I sat on the stool for a long time. The specimen kit sat on the bench — containers full, data logged, cover story intact. Good specimens. Real science. The ironic armor of competence wrapped around a foundation of lies.

Through the bond: Shadowfang stirred. A flicker of awareness — not awake, just the animal's nervous system registering something through the network link. Pack-sense. The alpha checking that its pack was still there, even in sleep.

Still here, I sent back. Not words — the sensation of proximity, of safety. The bond carried it like a telephone line carrying tone.

The specimen report took forty minutes.
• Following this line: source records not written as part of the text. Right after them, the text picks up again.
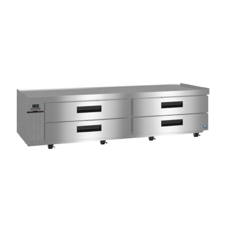Hoshizaki, CR98B-L, Steelheart® Series Refrigerated Equipment Stand, two-section, 98"W x 33-1/4"D x 27"H, (4) drawers: each will accommodate (3) 12” x 20” x 6” deep (pans not included), solid state digital controller with temperature alarms, LED display, stainless steel exterior front, sides, & top, stainless steel interior, side-mounted self-contained refrigeration, left side condenser, R290 Hydrocarbon refrigerant, 1/5 HP, 115v/60/1-ph, 3 amps, cord with NEMA 5-15P, (4) 4" casters, cETLus, ETL-Sanitation, ENERGY STAR®
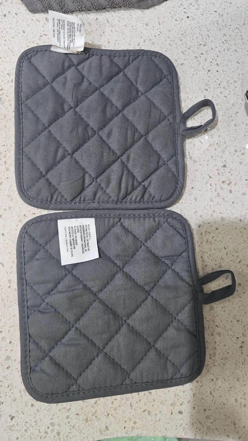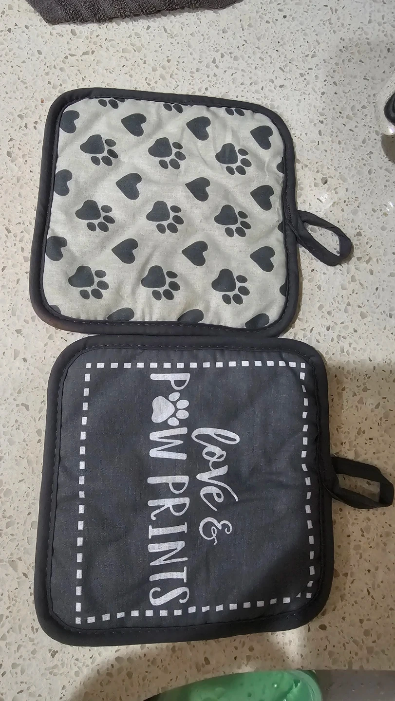 I'm selling a set of two square potholders. One has a cute paw print design, and the other has "love & paw prints" written on it. They're both in great condition and ready to protect your hands from hot pots and pans
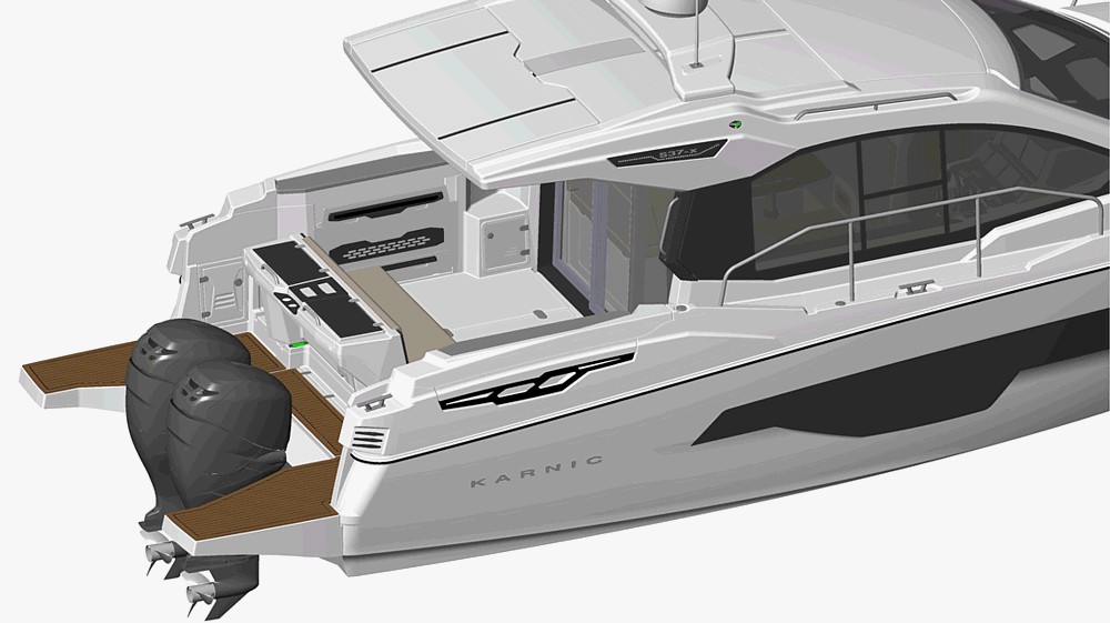 S37x je najnoviji Karnicov adut u klasi plovila preko 10 metara po konkurentnoj cijeni. To je obiteljski krstaš robusnog trupa i funkcionalne opreme. S37x izražava ključ koncepta Karnicovog oblikovanja - jedanaest metara sportskog stila i djelotvornosti, koji novi brod čine ekstremno ugodnim i komfornim, što je rezultat idealne organizacije prostora koja kreira protočnost između unutrašnjih i vanjskih prostora. Gornju palubu čine prostrani modularni kokpit, salon s kuhinjom unutar kormilarnice, te popularno pramčano sunčalište. Ispod palube nalaze se tri kabine, dvije za goste i jedna vlasnička, uz toaletni prostor s tušem, što omogućuje da na brodu mogu prespavati 5+1 odrasla osoba. Neophodan temperament brodu daje motorni pogon, kojeg čine dva izvanbrodska motora do ukupne maksimalne snage od 900 KS.
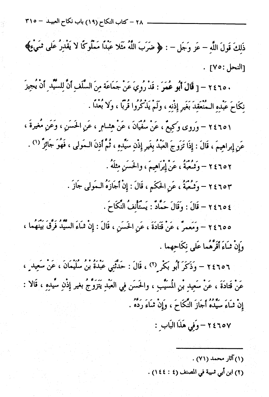 24656 - وَذَكَرَ أَبُو بَكْرٍ، قَالَ: حَدَّثَنِي عَبْدَةُ بْنُ سُلَيْمَانَ، عَنْ سَعِيدٍ، عَنْ قَتَادَةَ، عَنْ سَعِيدِ بْنِ الْمُسَيَّبِ، وَالْحَسَنِ فِي الْعَبْدِ يَتَزَوَّجُ بِغَيْرِ إِذْنِ سَيِّدِهِ، قَالَا: إِنْ شَاءَ سَيِّدُهُ أَجَازَ النِّكَاحَ، وَإِنْ شَاءَ رَدَّهُ.
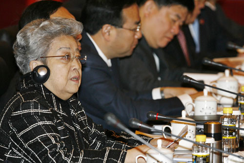 Chinese Vice-Premier Wu Yi gives an opening statement during the opening of The Third Strategic Economic Dialogue in Xianghe, near Beijing, December 12, 2007. [Agencies] |
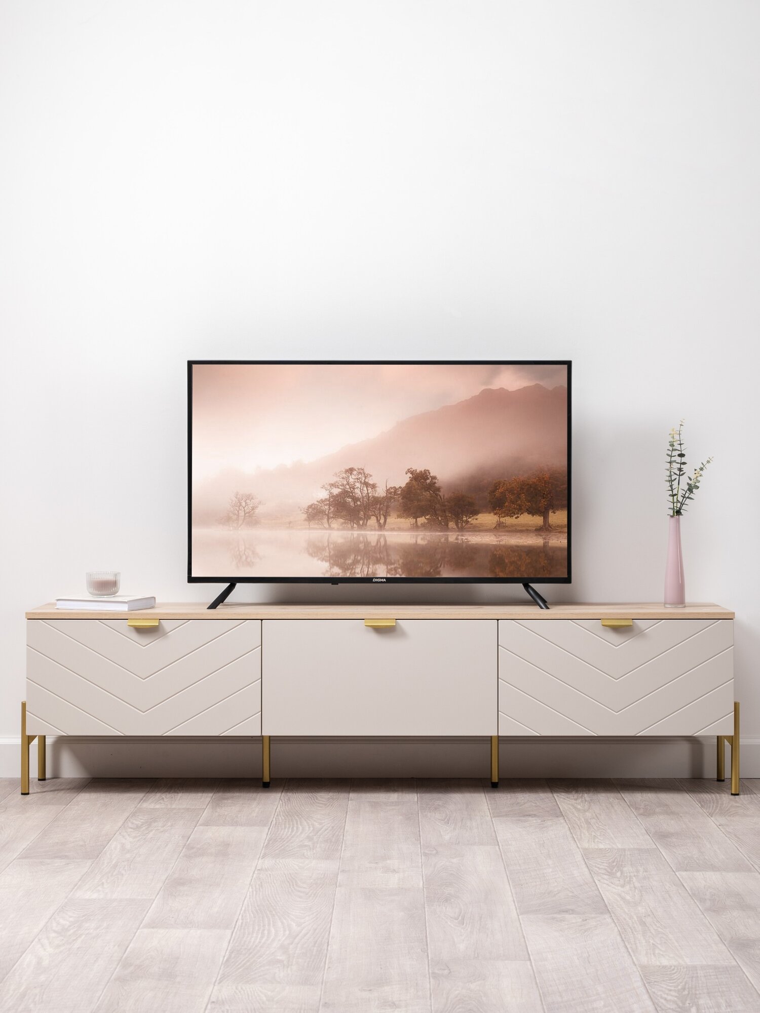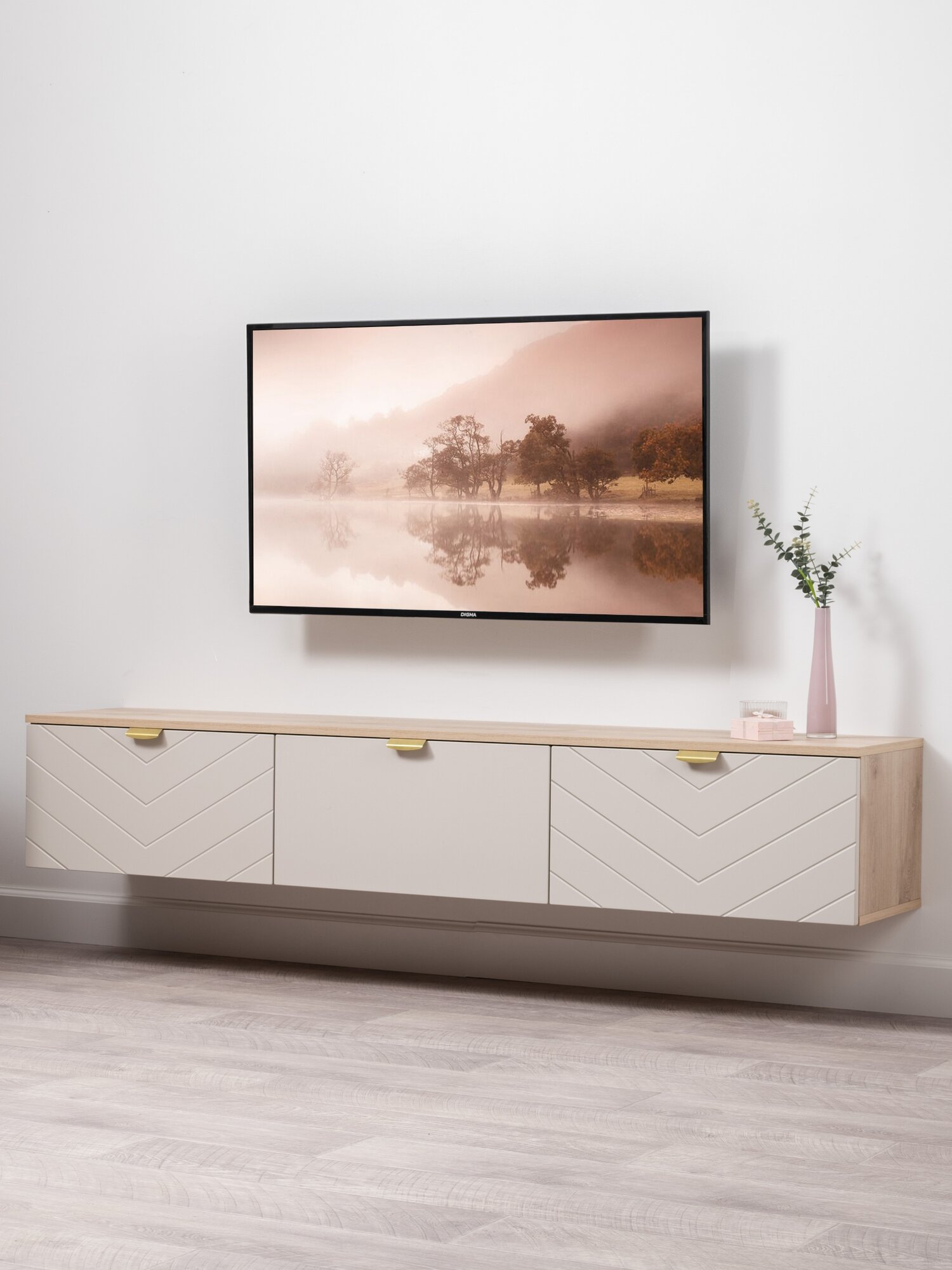 Тумба под ТВ напольная навесная Венеция 16.64, Дуб эндгрейн, Веллюто Капучино
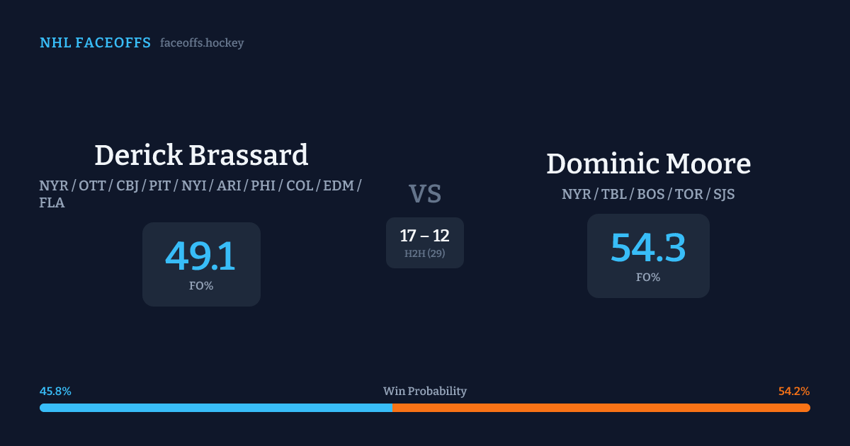 Derick Brassard vs Dominic Moore — Faceoff Head-to-Head
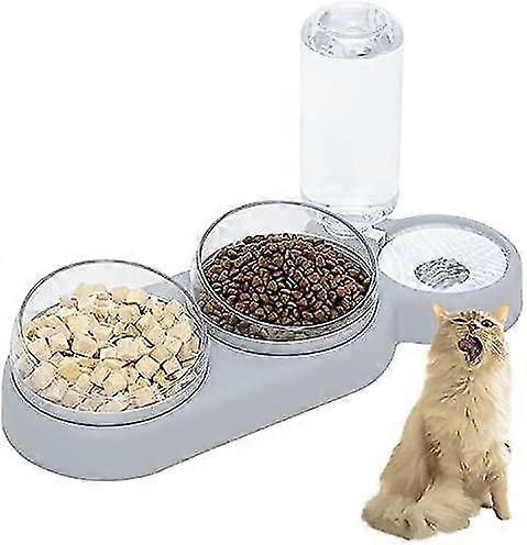 Double Raised Cat Bowl, 15 Tilt Anti-Vomiting Cat Bowl 3-in-1 Automatic Water Storage Pet Bowl, Ava

I typed it in the empty lab, cross-referencing James Chen's established methodology — in situ neural mapping using portable EEG analogues, the technique from his publications — with real data from real specimens collected between moments of existential crisis. The report was good. Thorough. The kind of work that would make Grace's notation look justified.

The kind of work that bought time for the secret growing in a grotto three hours' walk from here.

My hands had stopped shaking by the time I finished. The lie still tasted bitter, but bitterness was a flavor I was learning to swallow.

The avatar barracks were dark when I reached them. Other drivers asleep in their link chairs or on their cots. I lay down on the undersized bunk, tail curled against my thigh, and closed my eyes.

Through the bond, across kilometers of jungle, Shadowfang's heartbeat counted time. Steady. Trusting. Waiting in a grotto that glowed with living light, healing in a pod that grew from the walls because I'd told a system to build it.

"One node. One citizen. One more chance before the cover breaks. Make it count."

The ceiling was too close. The bunk was too small. But the distant pulse of a wolf sleeping safe in a territory I'd claimed — that was exactly the right size to fill the gap between fear and purpose.

Three days. I'd give them three days of perfect behavior. Then the gap in the schedule, the four-hour window on Day 10, and the road back to the place where James Chen ended and whatever Chase Sinclair was becoming could continue.

Martinez's report sat in Selfridge's inbox. Grace's notation sat beside it. The balance tipped on a knife's edge, and every hour of model behavior was a gram of weight on the right side.